→ WHAT YOU ARE ASKED TO DO: Pictures excluded, return the lines below from the first through the line holding "より具体的には、山間部特有の".

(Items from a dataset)
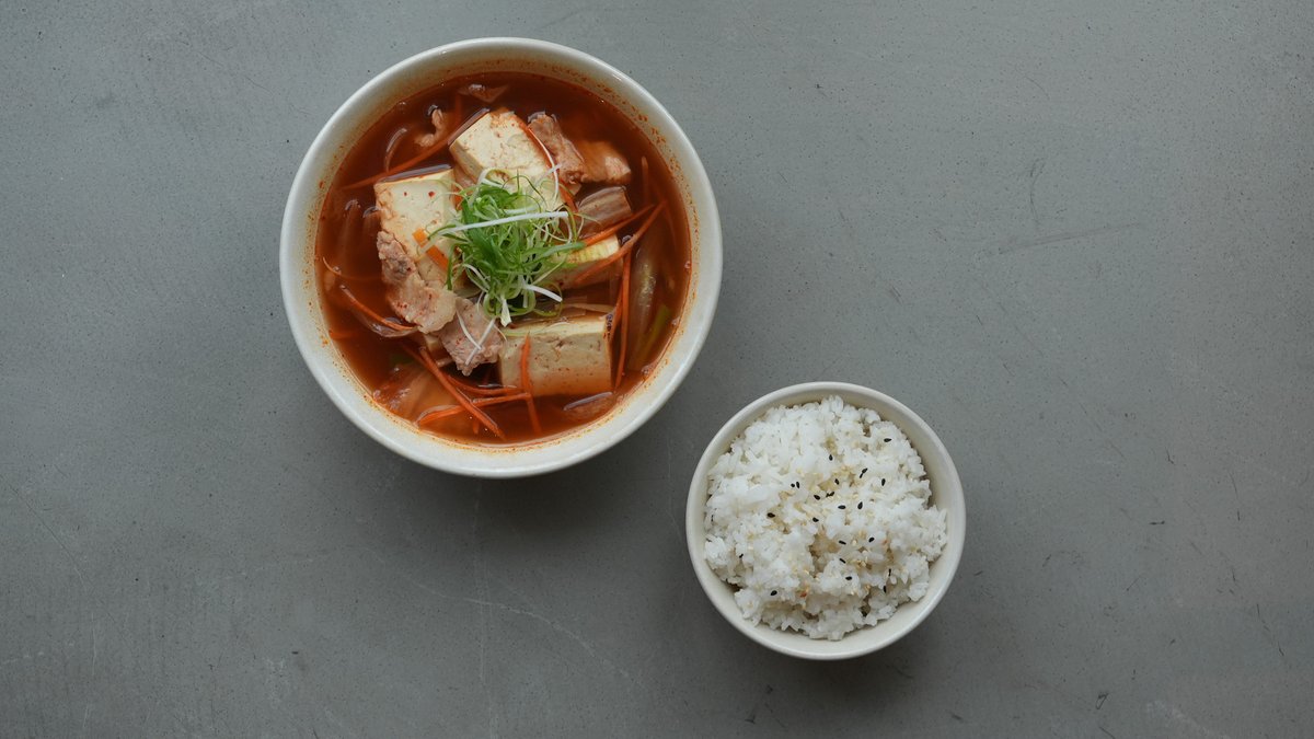 Kimchi-Eintopf mit Zwiebeln & Frühlingszwiebeln, serviert mit Reis & Sesam
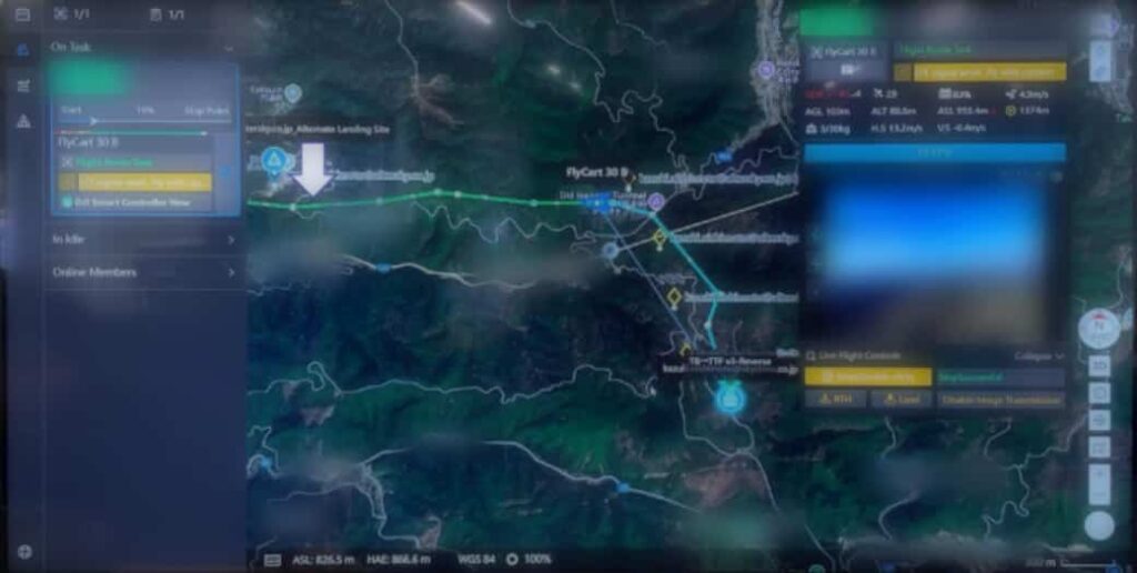 より具体的には、山間部特有の複雑な地形を通過する難易度の高いルートを飛行。この高度な飛行を成功させるため、以下の安全対策と技術を活用した。
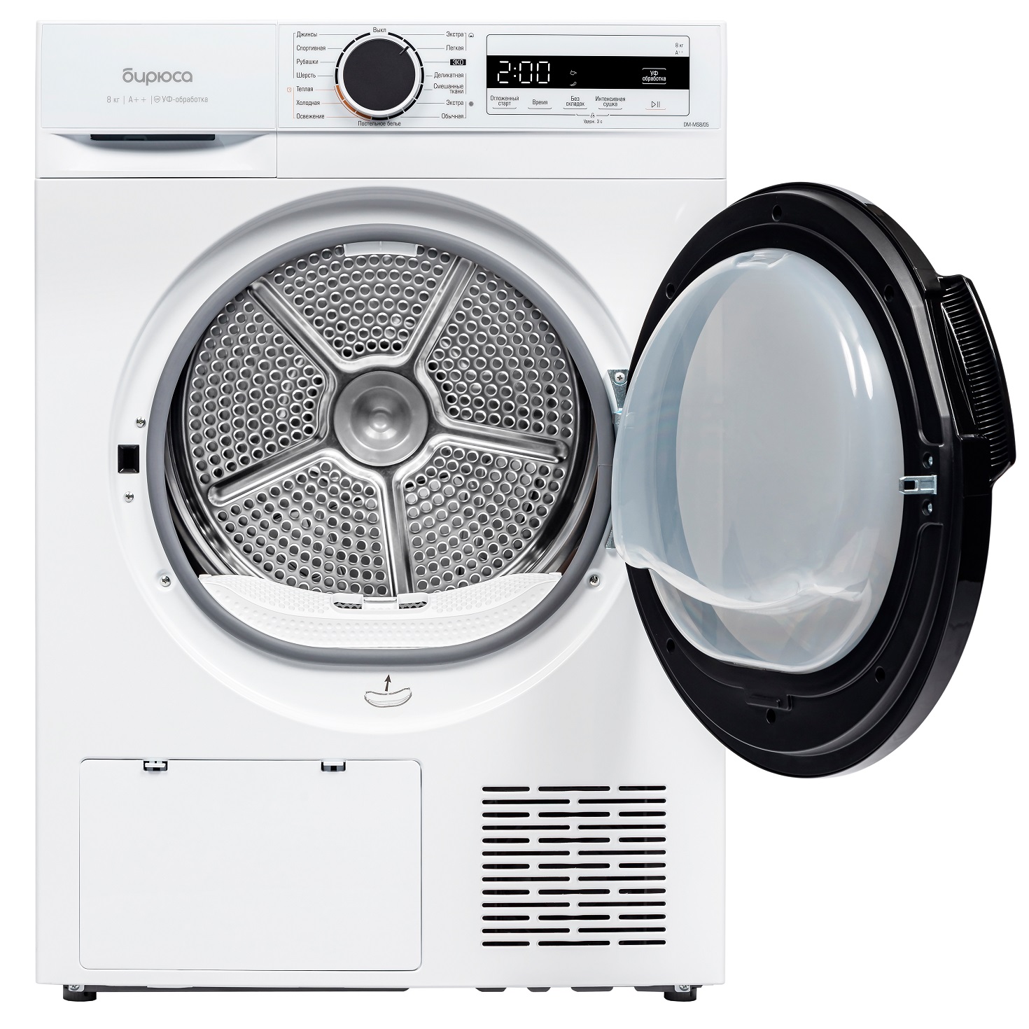 Тип загрузки - Фронтальная; Загрузка белья для сушки, кг - 8; Количество программ сушки - 15; Размеры, мм (ШхГхВ) - 595х600х845; Тип сушки - С тепловым насосом; Класс энергопотребления - A++; Управление - Электронное; Отложенный старт, ч - 24; Системы защиты - Блокировка от детей; Тип - Сушильная машина; Цвет - Белый,черно-серый; Уровень шума при отжиме, дБ - 65; Прямой привод - Нет; Инверторный д
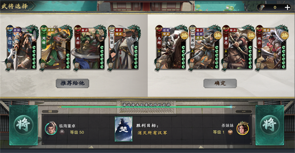 选人界面会从自身武将库中随机出4名武将,如果对武将不满意,可用换将令进行替换。在这个界面可查看自己与队友的选人界面,点击队友武将可为其推荐。
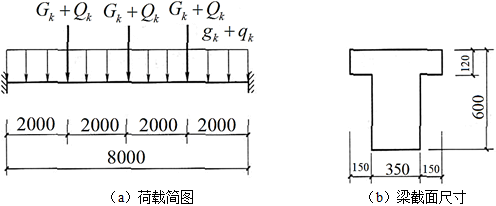 某民用建筑普通房屋中的钢筋混凝土T形截面独立梁,安全等级为二级,荷载简图及截面尺
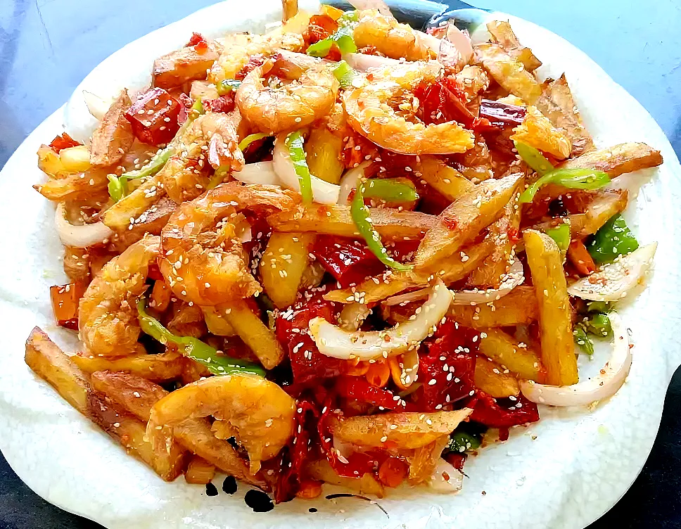 薯条基围虾、小酥肉海带炖豆腐、蘑菇烧油菜、蒸饺子、大米、蒸南瓜、黑米粥
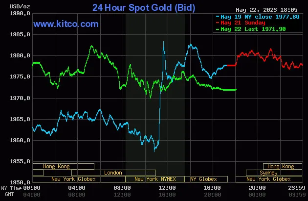 Vào lúc 5 giờ 05 phút sáng hôm nay 23/5 (giờ Việt Nam), giá vàng giao ngay thế giới niêm yết trên Kitco neo ở mức 1.971,90USD/ounce, quy đổi tương đương 56,732 triệu đồng/lượng. Lần cuối cùng, giá vàng tháng 6 giảm 7,80 USD xuống 1.973,90USD/ounce và giá bạc tháng 7 giảm 0,27 USD xuống 23,79USD/ounce.

→ EXERCISE RESULT:
 Kimchi-Eintopf mit Zwiebeln & Frühlingszwiebeln, serviert mit Reis & Sesam
 より具体的には、山間部特有の複雑な地形を通過する難易度の高いルートを飛行。この高度な飛行を成功させるため、以下の安全対策と技術を活用した。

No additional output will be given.